Bazı Şeyler Hiç Değişmez

Evvel zaman içinde, kalbur saman içinde, develer tellal iken, pireler berber iken, ben babamın beşiğini tıngır mıngır sallar iken babam düştü beşikten, anam düştü eşikten ama çok şükür ikisine de bir şey olmadı. Onlara bir şey olmadı ya ben altı yaşındayken akla gelmeyecek türden bir kazayla anlımı yardım ve sol şakağımda hafiften bir çatlak oluştu. Bilmem ondan önce de var mıydı bir anormallik ama ben şimdiki anormalliğimi o çatlaktan oluşan sızıntılara bağlıyorum.

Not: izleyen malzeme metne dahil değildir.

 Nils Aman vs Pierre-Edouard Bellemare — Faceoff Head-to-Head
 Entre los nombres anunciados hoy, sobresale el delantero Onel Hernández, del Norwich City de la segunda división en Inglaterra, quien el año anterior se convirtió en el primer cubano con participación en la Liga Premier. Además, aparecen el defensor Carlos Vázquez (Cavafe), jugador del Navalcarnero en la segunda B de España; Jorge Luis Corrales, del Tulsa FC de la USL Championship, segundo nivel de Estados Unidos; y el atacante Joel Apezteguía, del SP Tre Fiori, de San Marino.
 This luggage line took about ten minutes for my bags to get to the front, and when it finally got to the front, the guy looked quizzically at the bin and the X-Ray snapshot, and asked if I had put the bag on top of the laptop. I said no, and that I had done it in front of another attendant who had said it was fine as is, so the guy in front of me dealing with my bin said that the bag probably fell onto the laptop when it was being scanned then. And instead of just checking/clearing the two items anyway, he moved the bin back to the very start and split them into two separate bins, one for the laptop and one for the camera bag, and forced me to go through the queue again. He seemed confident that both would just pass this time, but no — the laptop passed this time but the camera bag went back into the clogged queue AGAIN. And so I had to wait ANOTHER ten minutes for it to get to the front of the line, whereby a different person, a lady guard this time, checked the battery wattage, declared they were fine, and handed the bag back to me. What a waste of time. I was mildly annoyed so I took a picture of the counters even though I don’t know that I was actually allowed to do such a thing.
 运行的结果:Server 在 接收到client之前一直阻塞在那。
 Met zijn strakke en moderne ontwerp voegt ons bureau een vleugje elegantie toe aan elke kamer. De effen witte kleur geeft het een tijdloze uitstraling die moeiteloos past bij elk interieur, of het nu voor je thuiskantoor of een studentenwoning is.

Hayatım boyunca çelişkilerden nefret ettim, ediyorum, edeceğim. Kendimden de bu yüzden nefret ederim çok zaman. (Evet, nefret daimi olmayabilir. Birisinden veya bir şeyden ara ara nefret edebilir ve onu ara ara sevebilirsiniz.) Peki çelişkilerin konumuzla alakası ne? Derhal söyleyeyim. Ben babamın beşiğini tıngır mıngır sallayamam. Sallıyorsam beşikteki benim babam değildir.

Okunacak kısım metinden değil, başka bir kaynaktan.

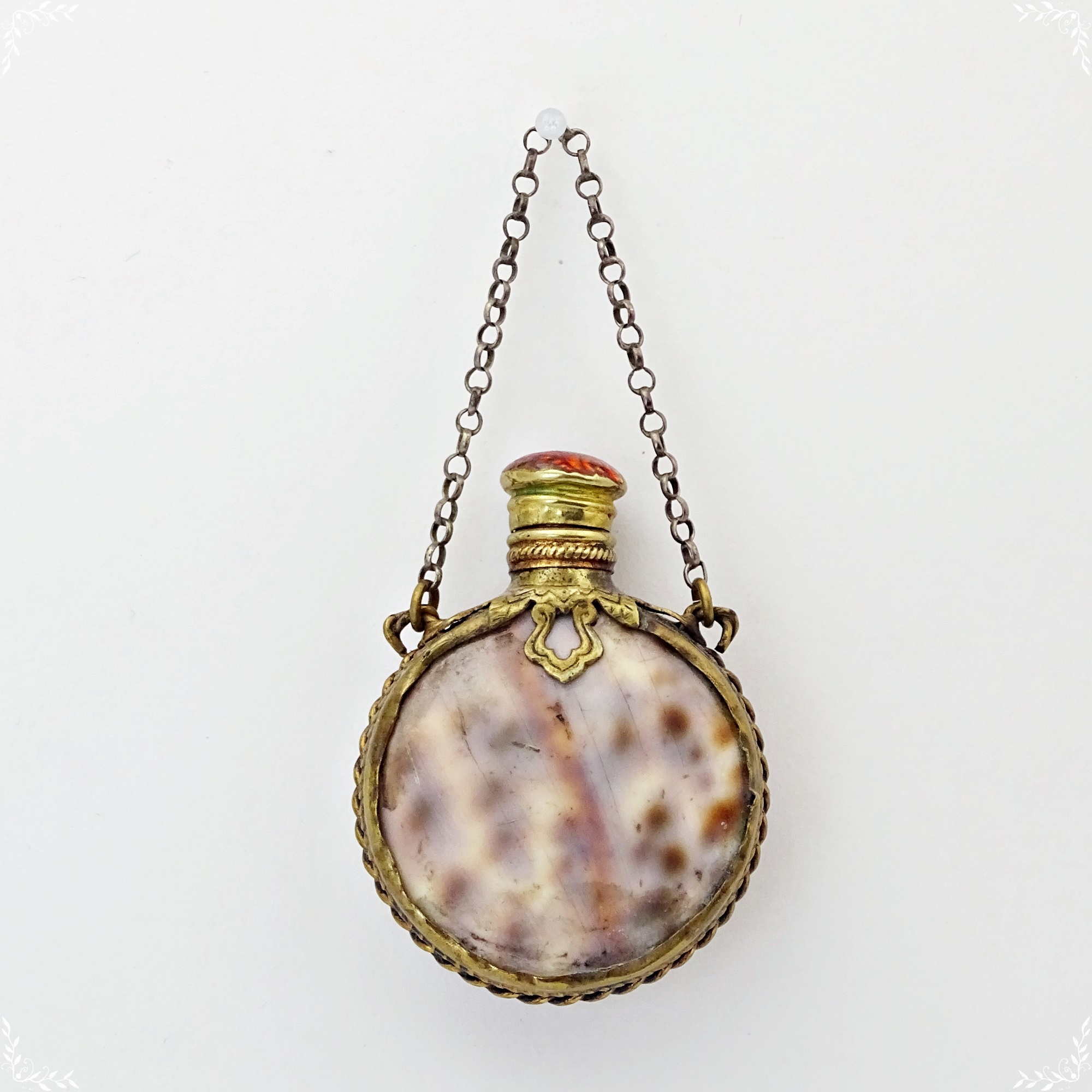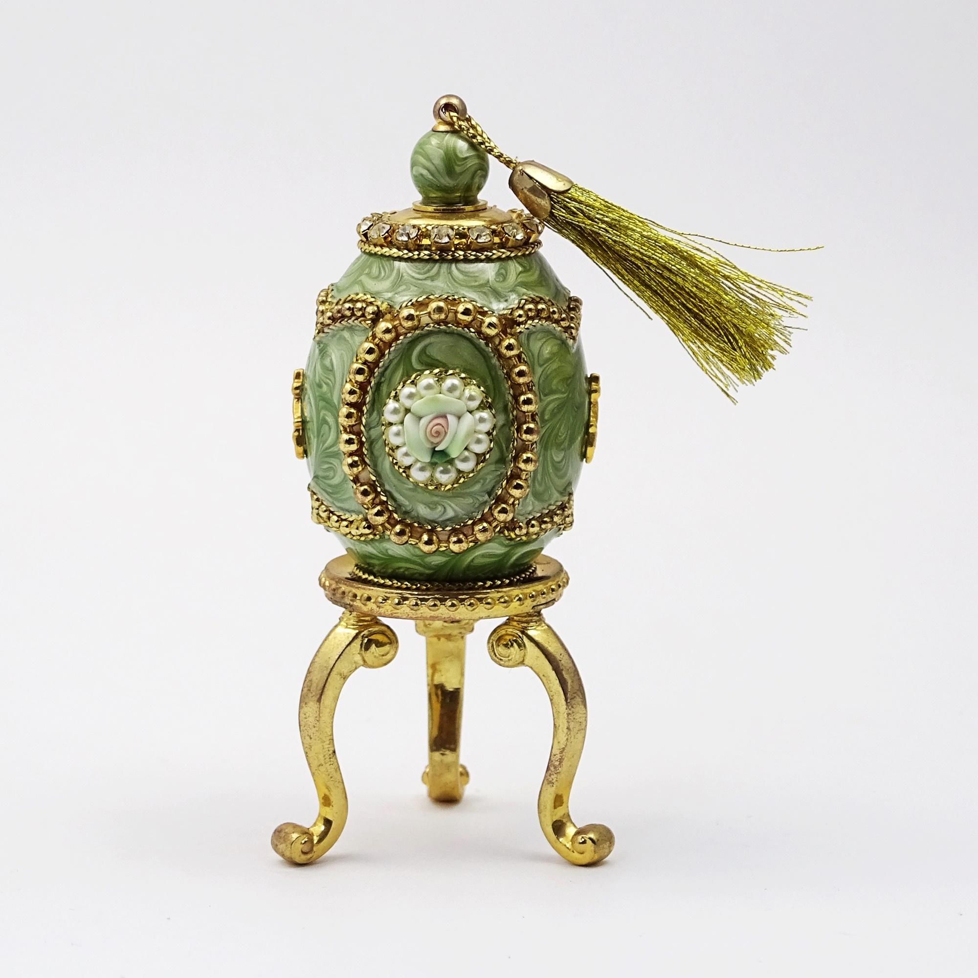 Green scent bottle hand crafted from real pigeon egg decorated with little pearls and golden beads Discover more

Neyse, ima yoluyla laf sokmaktan vazgeçtim. Yeri gelsin ben gereken kişilere gereken lafları sokarım. Nasılsa gün oluyor bana bu fırsat bir şekilde doğuyor, doğmadığını görmedim şimdiye değin hiç.

Sevgiyle kalın pıtırcıklarım. Bol bol gezin eğlenin. Ben evimde kalmayı tercih ediyorum çünkü orası bana dışarıdan korunma imkanı veriyor. Bilgisayarımın başına geçiyorum ve hayatla tüm bağlantımı kesiyorum. Araya laf girdi; ne söylediğimi unuttum bak gördün mü? Neydi? Neydi? Neydi? Hah, hatırladım! Sevgiyle kalın pıtırcıklarım. Anneniz sizi çok çok öpsün. Pazar dönüşü şeker getirsin ama aç karnına yemeyin iştahınız kaçar. Bol bol taze sıkılmış meyve suyu için bir de terli terli su içmeyin. Ben hariç kimsenin keyfinizi kaçırmasına izin vermeyin bir de. Öptüm gözlerinizden.